While it appears that representatives from the DOJ and the media were present during the conduct of the inventory as evidenced by their signatures on the Certificate of Inventory, a more careful scrutiny of the records shows that the buy-bust team conducted the marking, inventory, and photography where the arrest was made, and merely made the aforesaid representatives sign the Certificate of Inventory upon the buy-bust team’s arrival at their office. Moreover, the said procedures were not done in the presence of any elected public official.

The law requires the presence of an elected public official, as well as representatives from the DOJ and the media during the actual conduct of inventory and photography to ensure that the chain of custody rule is observed and thus, remove any suspicion of tampering, switching, planting, or contamination of evidence which could considerably affect a case.

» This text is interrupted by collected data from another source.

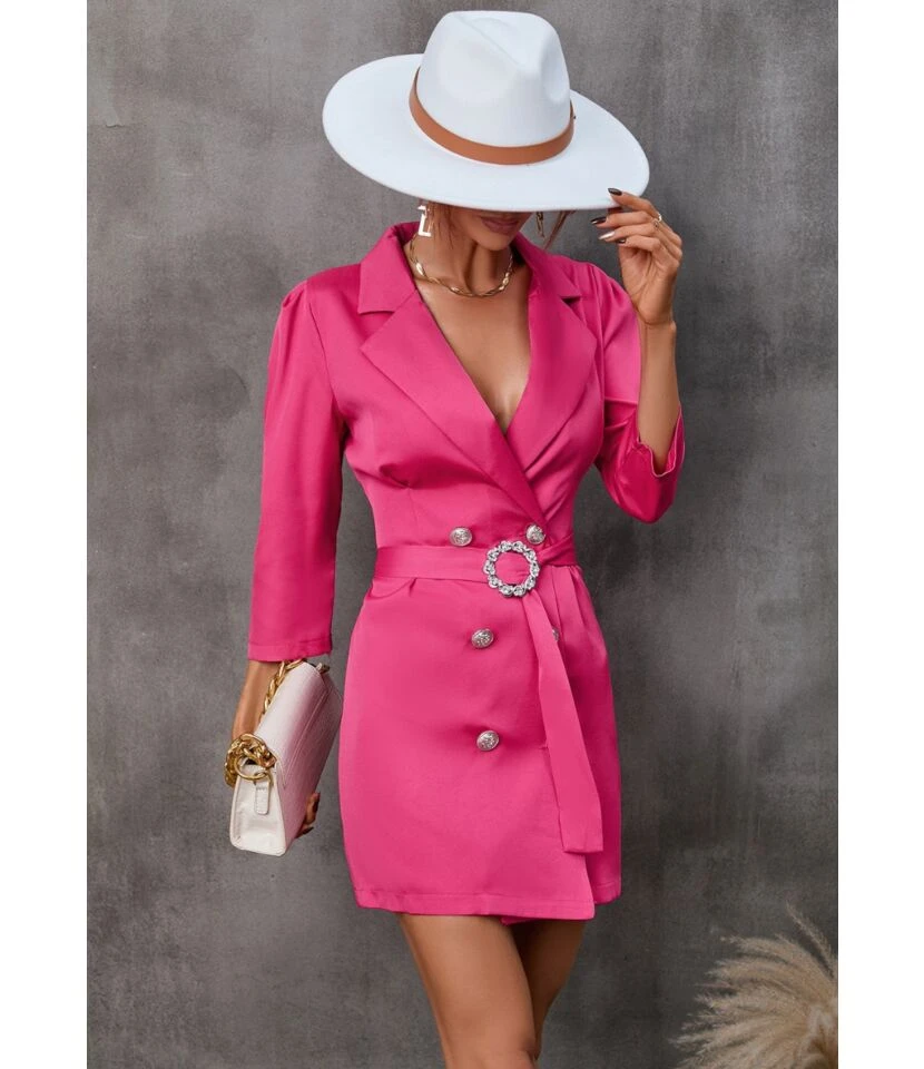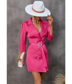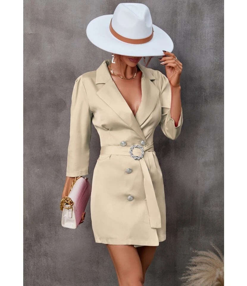 Casual V-Neck Lapel Mini Dress Single-Breasted Long Sleeve Bodycon Wholesale Dresses SDN562274
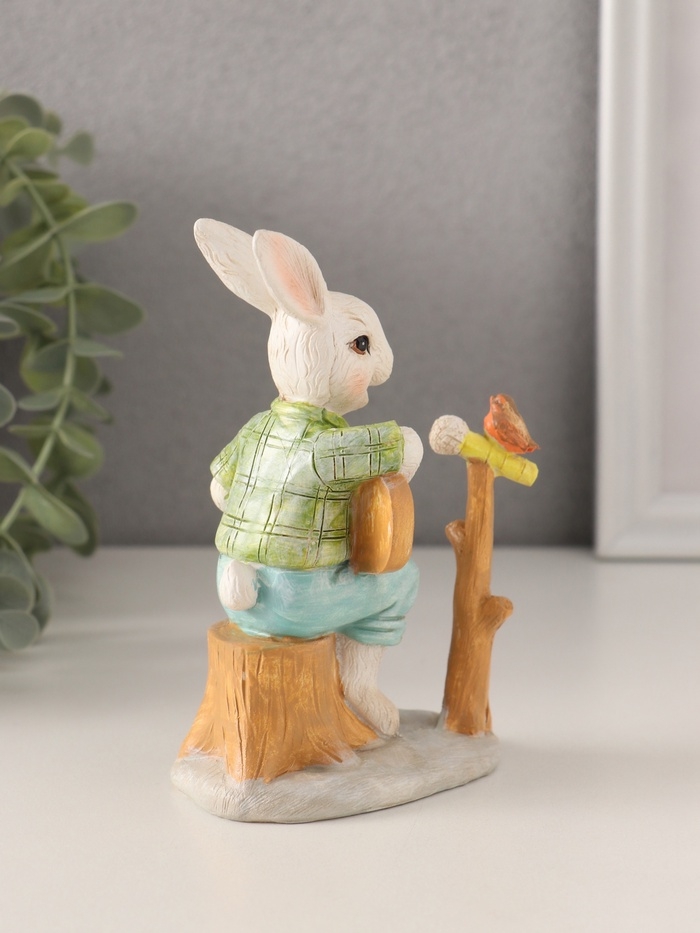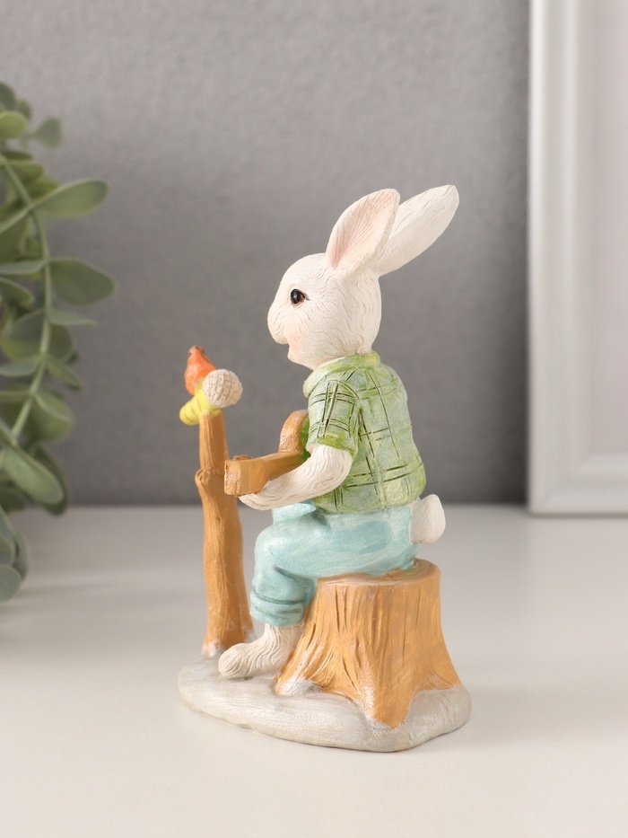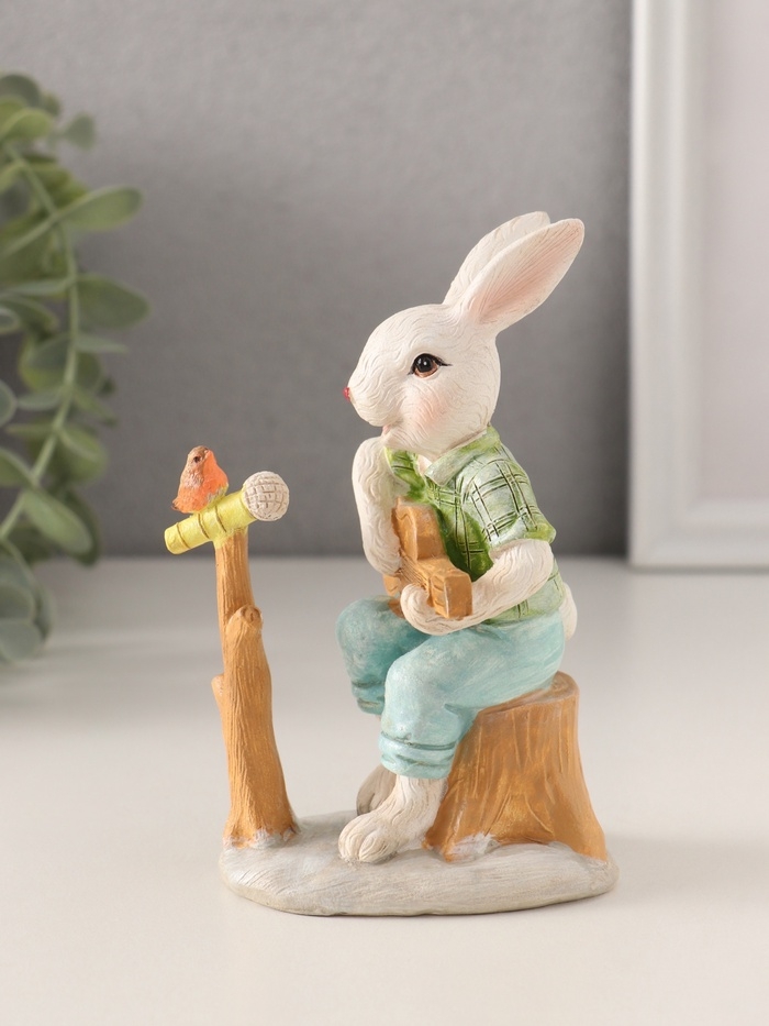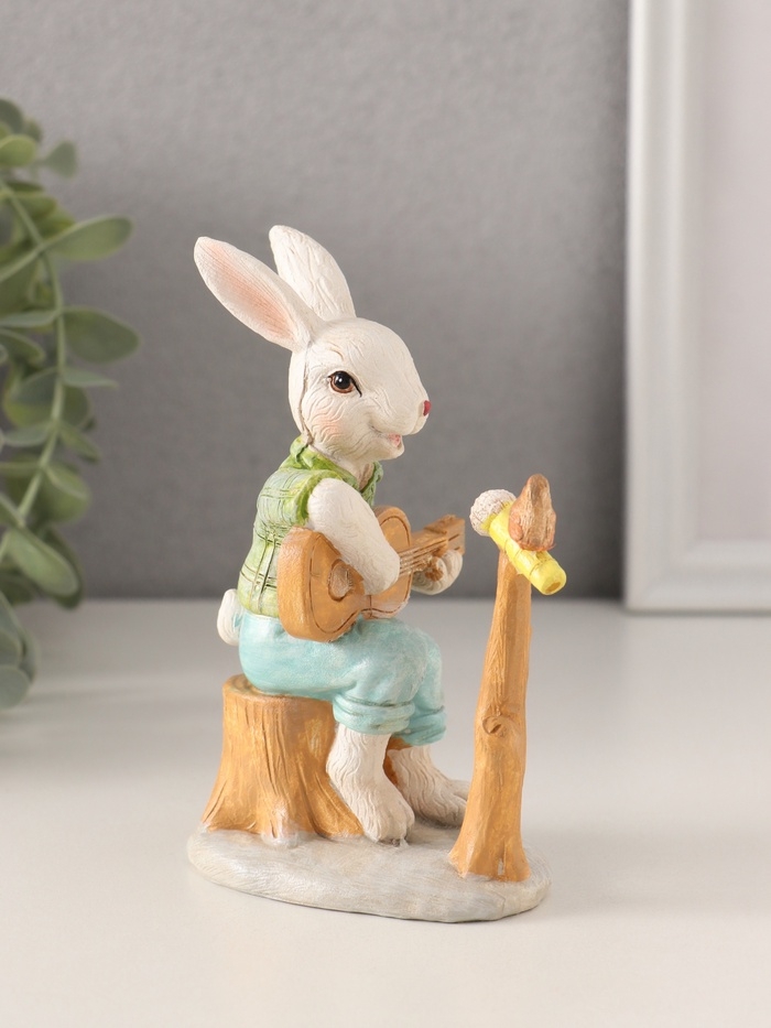 Сувенир полистоун "Зайчик играет на гитаре для птички" 8,5х6,5х12 см
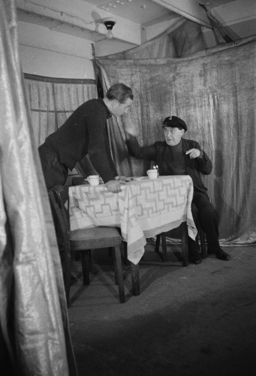 Acteurs lors d'une représentation théâtrale à bord d'un dragueur de mines de la marine allemande (Kriegsmarine).
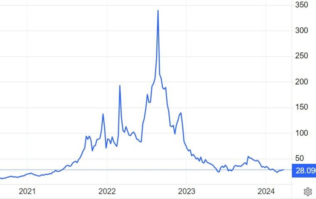 Европейските цени на газа спаднаха с около 15% от началото на 2024 г. поради меката зима и обилното предлагане, като те са с близо 90% по-ниски от рекордно високите стойности, наблюдавани през 2022 г.
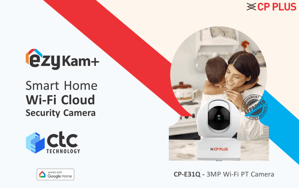 CP Plus CP-E31Q 3MP indoor PT camera delivers sharp 3MP video, 355° pan & 71° tilt, 15m IR night vision, two‑way talk, and sound detection alerts. Featuring H.265 compression, microSD support, and Google Home integration, it’s an efficient, easy‑to‑use home security camera.
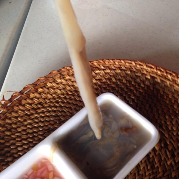 Sau khi thu hoạch, người dân địa phương bỏ đầu, chân và vắt phân ra khỏi tamilok, sau đó nhúng cả con vào gia vị. Một loại hỗn hợp nổi tiếng để ướp tamilok bao gồm các thành phần như giấm dừa, nước cốt chanh, ớt, muối và hành tây xắt nhỏ. Ảnh: Gian Carlo Jubela.
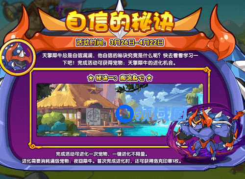 天擎犀牛总是自信满满,他自信的秘诀究竟是什么呢?快去看看学习一下吧!完成活动可获得宠物:天擎犀牛的进化机会。
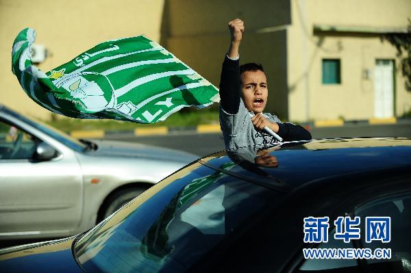 3月19日,在利比亚首都的黎波里总统府附近,一名当地儿童打着绿色旗帜支持卡扎菲。目前,虽然处于多国部队轰炸的威胁中,利比亚首都的黎波里生活较为平静。 新华社记者杨光摄
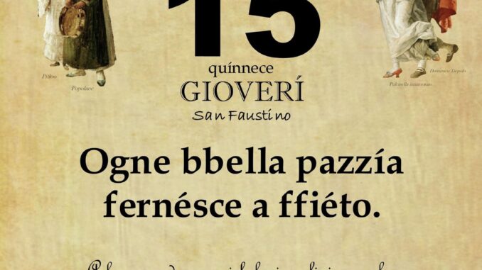 ‘O PRUVERBIO D’ ‘O JUORNO. Giovedì 15 febbraio 2024 15/02/2024 binews.it ATTUALITA', EVIDENZA, Il Proverbio del Giorno 0 di Gianni Polverino Ogne bbella pazzía fernésce a ffiéto. A lungo andare ogni bel gioco finisce male. Lo scherzo può essere divertente solo se dura poco. Non bisogna mai esagerare abusando della pazienza altrui.
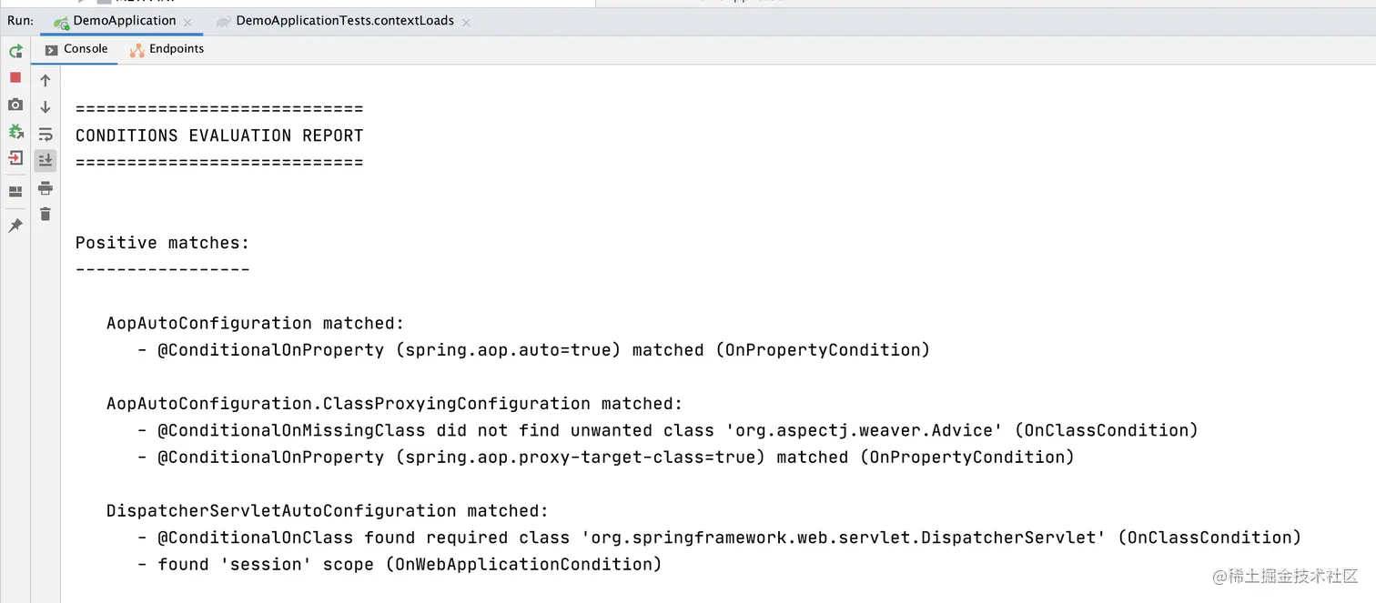 可以在application.properties配置文件中启用debug=true属性(默认为false),可以在程序启动后,在控制台打印出auto-configuration report, 可以看哪些自动配置起作用了。
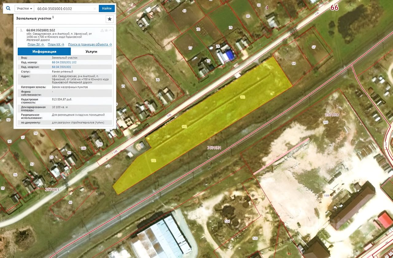 Кадастровый номер ЗУ 66:04:3501001:0102
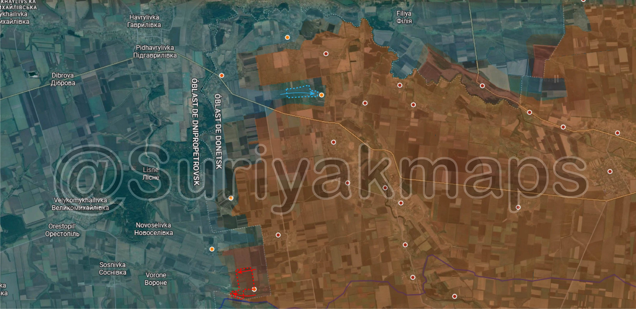 Một tình hình biến động ⚡️ đang diễn ra ở phía nam Tỉnh Donetsk, trên biên giới với Tỉnh Dnipropetrovsk 🗺. Trong khi Bộ Quốc phòng Nga báo cáo những thắng lợi tiếp theo tại Dnipropetrovsk 📈, theo thông tin hiện có, cả hai bên đều đang giành được lãnh thổ theo hướng Novopavlivka ⚔️.
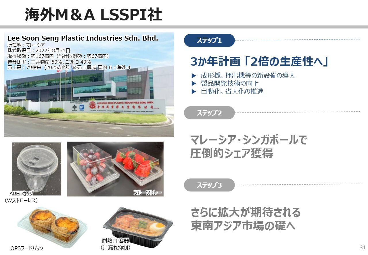 海外では、マレーシアのLSSPI社を三井物産と共同でM&Aしました。持ち分比率は、三井物産が60パーセント、当社が40パーセントです。

However, minor deviations may be excused in situations where a justifiable reason for noncompliance is explained. In this case, despite the nonobservance of the witness requirement, no plausible explanation was given by the prosecution.

The absence of these required witnesses does not per se render the confiscated items inadmissible. The apprehending officers are compelled not only to state reasons for their noncompliance, but must in fact, also convince the Court that they exerted earnest efforts to comply with the mandated procedure, and that under the given circumstances, their actions were reasonable

Thus, for failure of the prosecution to provide justifiable grounds or show that special circumstances exist which would excuse their transgression — as in fact the only reason given was that they were conducting a “rush operation” — the Court is constrained to conclude that the integrity and evidentiary value of the items purportedly seized from Sanchez have been compromised.

Ruling:

Joey Sanchez y Licudine is ACQUITTED of the crimes charged. The Director of the Bureau of Corrections is ordered to cause his immediate release, unless he is being lawfully held in custody for any other reason.